Input:
= Beginning of Section =

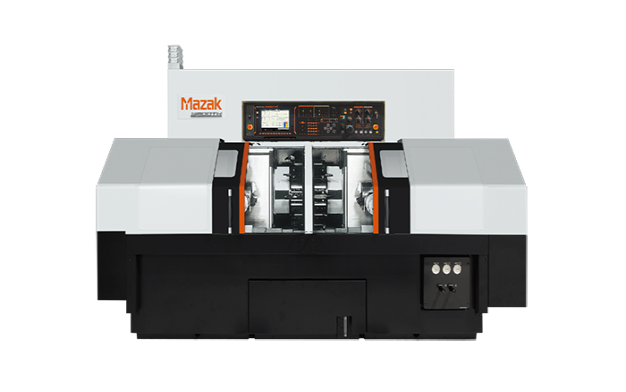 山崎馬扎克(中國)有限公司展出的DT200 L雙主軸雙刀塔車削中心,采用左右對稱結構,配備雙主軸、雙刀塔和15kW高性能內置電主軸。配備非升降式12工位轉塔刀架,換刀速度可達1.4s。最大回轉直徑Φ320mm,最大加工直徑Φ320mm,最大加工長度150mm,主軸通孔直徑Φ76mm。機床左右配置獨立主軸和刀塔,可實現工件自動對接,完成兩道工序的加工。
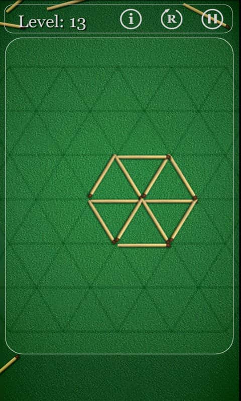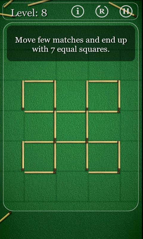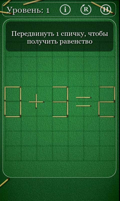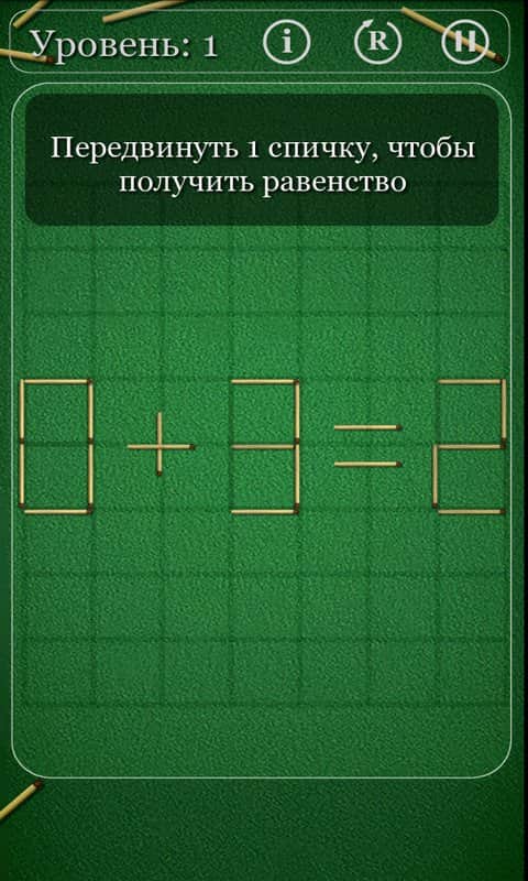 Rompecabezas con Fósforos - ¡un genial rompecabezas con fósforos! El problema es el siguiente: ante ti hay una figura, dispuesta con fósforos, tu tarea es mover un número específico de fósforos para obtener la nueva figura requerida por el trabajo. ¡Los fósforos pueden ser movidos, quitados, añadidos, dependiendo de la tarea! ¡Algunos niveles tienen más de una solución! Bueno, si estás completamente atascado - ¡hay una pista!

= End of Section =
= Beginning of Section =

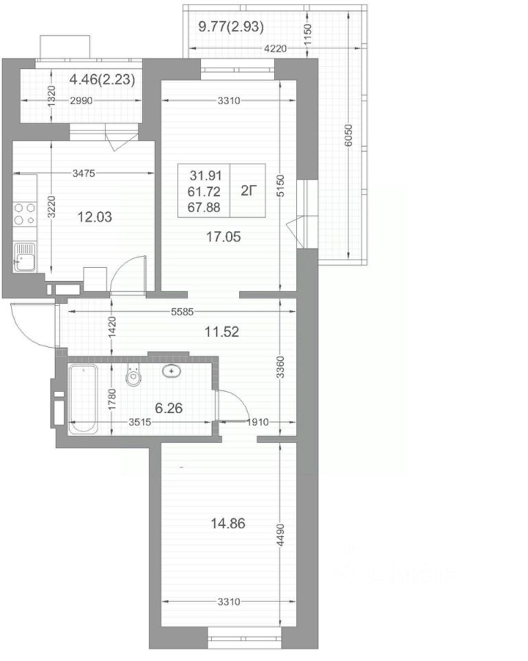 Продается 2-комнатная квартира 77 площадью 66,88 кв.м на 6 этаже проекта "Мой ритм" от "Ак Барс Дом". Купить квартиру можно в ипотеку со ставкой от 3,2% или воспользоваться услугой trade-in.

= End of Section =

Output only the lines above from the one containing "山崎馬扎克(中國)有限公司展" to the one containing "Rompecabezas con Fósforos - ¡un", both included, exactly as written and with no pictures.

Response below:
 山崎馬扎克(中國)有限公司展出的DT200 L雙主軸雙刀塔車削中心,采用左右對稱結構,配備雙主軸、雙刀塔和15kW高性能內置電主軸。配備非升降式12工位轉塔刀架,換刀速度可達1.4s。最大回轉直徑Φ320mm,最大加工直徑Φ320mm,最大加工長度150mm,主軸通孔直徑Φ76mm。機床左右配置獨立主軸和刀塔,可實現工件自動對接,完成兩道工序的加工。
 Rompecabezas con Fósforos - ¡un genial rompecabezas con fósforos! El problema es el siguiente: ante ti hay una figura, dispuesta con fósforos, tu tarea es mover un número específico de fósforos para obtener la nueva figura requerida por el trabajo. ¡Los fósforos pueden ser movidos, quitados, añadidos, dependiendo de la tarea! ¡Algunos niveles tienen más de una solución! Bueno, si estás completamente atascado - ¡hay una pista!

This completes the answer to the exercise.